2025 ACC/AHA Hypertension Guidelines: Key Recommendations for Initiating and Adjusting Therapy
Note: There are no published 2025 ACC/AHA hypertension guidelines as of this date. The most current ACC/AHA guidelines are from 2017, with the most recent major guideline update being the 2024 European Society of Cardiology (ESC) guidelines. The following synthesizes the current ACC/AHA framework (2017) with insights from the 2024 ESC guidelines and recent comparative analyses.
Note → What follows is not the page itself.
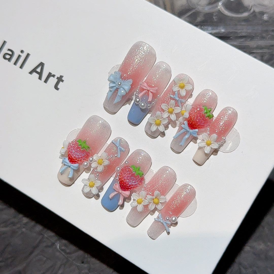 Strawberry Garden Shimmery Sweet Must-Have Handmade Press-On Nails, Summer Sweet Strawberry Design, Nail Tips
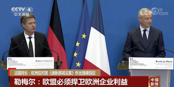 法国财长勒梅尔与德国副总理兼经济和气候保护部长哈贝克22日举行联合新闻记者发布会。勒梅尔表示,法德两国政府一致认为,应该对美国的《通胀削减法案》作出强硬回应,欧盟必须捍卫欧洲人自己的利益。

Blood Pressure Thresholds for Pharmacological Treatment
The ACC/AHA recommends initiating antihypertensive medication for all adults with BP ≥140/90 mmHg regardless of cardiovascular risk, and for those with BP 130-139/80-89 mmHg who have established CVD, 10-year ASCVD risk ≥10%, diabetes, or chronic kidney disease. 1, 2
Specific Treatment Thresholds:
- BP ≥140/90 mmHg: Start pharmacological therapy immediately in all adults (Class I, LOE A) 1
- BP 130-139/80-89 mmHg: Initiate drug therapy if any of the following are present 1, 2:
- Clinical atherosclerotic CVD
- Heart failure
- Chronic kidney disease
- Diabetes mellitus
- 10-year ASCVD risk ≥10% (using ACC/AHA Pooled Cohort Equations)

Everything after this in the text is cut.